Let \(S\) be a set of all ntegers between \(1\) and \(N\) (note that \(S\) is defined differently from the Problem Statement), and define a map \(f\) from \(S\) to \(S\) by \(f(x)=A_x\).

Moreover, define a sequence of sets \(S_0,S_1,\ldots\) by \(S_0=S\) and \(S_i=f(S_{i-1})\) (i.e. \(S_i=\{f(x)|x\in S_{i-1} \}\)) for all \(1\leq i\). Then, in the original Problem Statement, Takahashi wins the game if and only if \(x\in S_k\) for all positive integers \(k\).

Now, for the sequence \(S_0,S_1,\ldots\), we have \(S_0\supseteq S_1\); by definition, if \(S_{i-1}\supseteq S_i\) then \(S_i\supseteq S_{i+1}\); so \(S_0\supseteq S_1\supseteq S_2\cdots\) by induction.
Since \(|S_0|=N\), \(S_i\) is a finite set. Noting that \(|S_i|-1\geq |S{i+1}|\) if \(S_i\supsetneq S_{i+1}\), and that \(|S_i|>0\) for all \(i\) by definition, there exists \(0\leq i_0\leq N-1\) such that \(S_{i_0}=S_{i_0+1}\).
Here, by definition of \(S_i\), if \(S_{i}=S_{i+1}\) then \(S_{i+1}=S_{i+2}\), so \(S_{i_0}=S_{i_0+1}=S_{i_0+2}=\cdots\) by induction.
Thus, once we find such \(i_0\) and \(S_{i_0}\), the answer is the size of \(S_{i_0}\).

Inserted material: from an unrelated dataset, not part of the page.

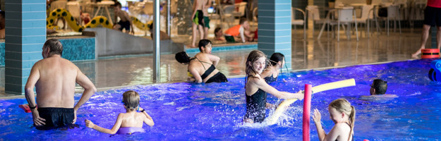 Familieområdet giver mulighed for leg og hygge for hele familien. Lufttemperaturen er 29 grader, og her er underholdning for både små og større børn med vandrutsjebaner, familiebassin og babyvenligt soppebassin.

There are several ways to find this. For example, we can manage the number \(c_{i,y}\) of elements \(x\) in \(S_i\) such that \(f(x)=y\) for each \(0\leq i\) and \(1\leq y\leq N\).
\(c_{0,y}\) can be easily found as the number of \(y\) such that \(A_x=y\).
Here, \(y\) is contained in \(S_1\) if and only if \(c_{0,y}>0\) by definition.
Next, we try to find \(c_{1,y}\). Considering the difference b\(d_{1,y}\)etween \(c_{0,y}\) and \(c_{1,y}\), denoting by \(d_{1,y}\) the number of \(x\in(S_0\backslash S_1)\) such that \(f(x)=y\), we have \(c_{1,y}=c_{0,y}-d_{1,y}\).
\(y\) is contained in \(S_2\) if and only if \(c_{1,y}>0\), and the same applies over and over again.

A naive implementation of this algorithm costs \(\Theta(N^2)\) time; however, we can reuse the array \(c_{i,y}\) and, instead of finding \(d_{i,y}\) and subtracting it, decrement the value \(c_{i,f(x)}\) for each \(x\in(S_i\backslash S_{i+1})\) to get the same effect. Also, the only possible elements of \((S_i\backslash S_{i+1})\) are those on which the decrement was done in the step above, so they are done at most \(N\) times in total. Therefore, it can be computed in a total of \(O(N)\) time, and the problem has been solved fast enough.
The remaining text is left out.